It’s been a big year for fairytales in the entertainment world. First there was the TV series Once Upon A Time, then Grimm and now we have the competing feature films… Tarsem Singh’s Mirror, Mirror, a family feature that upchucked yawns across the globe and, more recently, the darker poisoned version, Snow White and the Huntsman, by former ad man and first-time feature director Rupert Sanders.
Sanders successfully shares his gift along with cinematographer Greig Fraser, proving he has an eye for showing the beautiful and the bizarre, shying away from a copy-cat remake of the beloved classic.
Naturally, it began with a narrator giving the ‘once upon a time’ fairytale trademark but within minutes viewers are left neck-deep in a battle filled with action sequences showing armoured men slaying obsidian warriors with hooves of horses sinking into the ground, reminiscent of Peter Jackson’s Lord of the Rings. It is in this battle that the king finds the beautiful prisoner Ravenna, played by Charlize Theron, to take as his queen.

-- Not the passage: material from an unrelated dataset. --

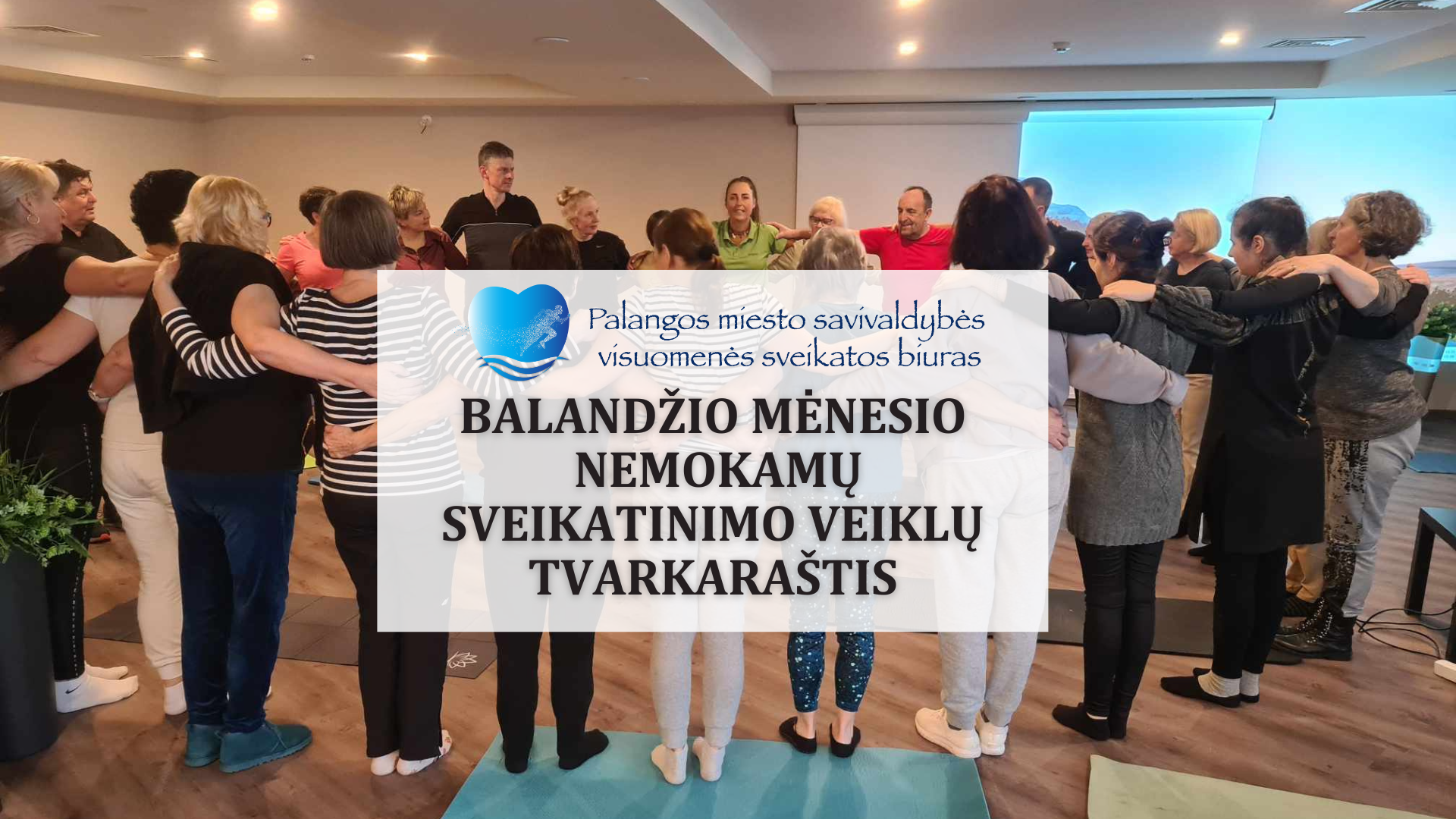 Kviečiame į Palangos miesto savivaldybės visuomenės sveikatos biuro organizuojamas nemokamas sveikatinimo veiklas balandžio mėnesį. Su tvarkaraščiu galite susipažinti ČIA.

Seizing the throne, she kills the king and banishes her stepdaughter Snow White (Kristen Stewart) into a locked cell, turning the kingdom into a decaying mess. A few years later Snow flees the castle, which in turn results in Queen Ravenna sending Thor, who plays a drunkard and a huntsman, to capture her. He soon turns sides and helps Snow White run from the queen.
Sanders offers the audience a visually inventive and stunning adaptation. Even with this well-known fairytale, he shows a talent for unpredictability and impulsiveness.

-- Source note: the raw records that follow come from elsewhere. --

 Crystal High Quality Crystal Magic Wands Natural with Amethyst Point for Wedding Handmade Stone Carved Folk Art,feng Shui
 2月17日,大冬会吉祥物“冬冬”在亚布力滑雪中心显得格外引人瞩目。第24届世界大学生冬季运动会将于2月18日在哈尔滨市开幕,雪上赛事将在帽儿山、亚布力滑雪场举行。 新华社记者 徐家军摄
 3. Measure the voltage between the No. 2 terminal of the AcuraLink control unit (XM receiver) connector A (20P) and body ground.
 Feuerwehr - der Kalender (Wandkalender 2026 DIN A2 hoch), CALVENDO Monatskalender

There were moments where I was lost in the scenery and the abstract images, which were used to exaggerate the characters and costumes, giving life to the story.
With the dark forest, the queen bathing in thick milky liquid, the shattered glass and the dozens of crows insanely flapping, it symbolised the gothic nature behind the movie.
Theron offers a theatrical menace with an excellent performance as an over-the-top, soul-sucking, wicked witch. Her acting was strangely cathartic, but heigh-ho heigh-ho heigh-ho, the dwarfs stole the show from Snow! They added humour and heart to the movie as well as moments of action. With their singing and dancing they definitely heated up the second act.
It is when we are introduced to them that the only homage to Walt Disney is apparent, showing a psychedelic heaven complete with woodland creatures, fairies and brightly-coloured butterflies.
The only downside to the film is that the actual story never lives up to these exhilarating visual effects and optics.
In addition to this, the movie failed to explore any other characters other than Snow White and Queen Ravenna, making most, if not all, of the secondary actors useless. Of these are Snow White’s childhood friend Prince William and the 30-seconds we see of Lily Cole. Even the huntsman, who is mentioned in the title of the film, is weighed down giving him one scene of true emotion.
It may have been 20 minutes too long but the visuals alongside the more serious tone pulled off an entertaining, inventive version of a worn-out story not to mention the most compelling take on it thus far.
Sanders has taken the classic tale to its most menacing extreme. It’s not without flaws but offers a taste of what is yet to come from this director.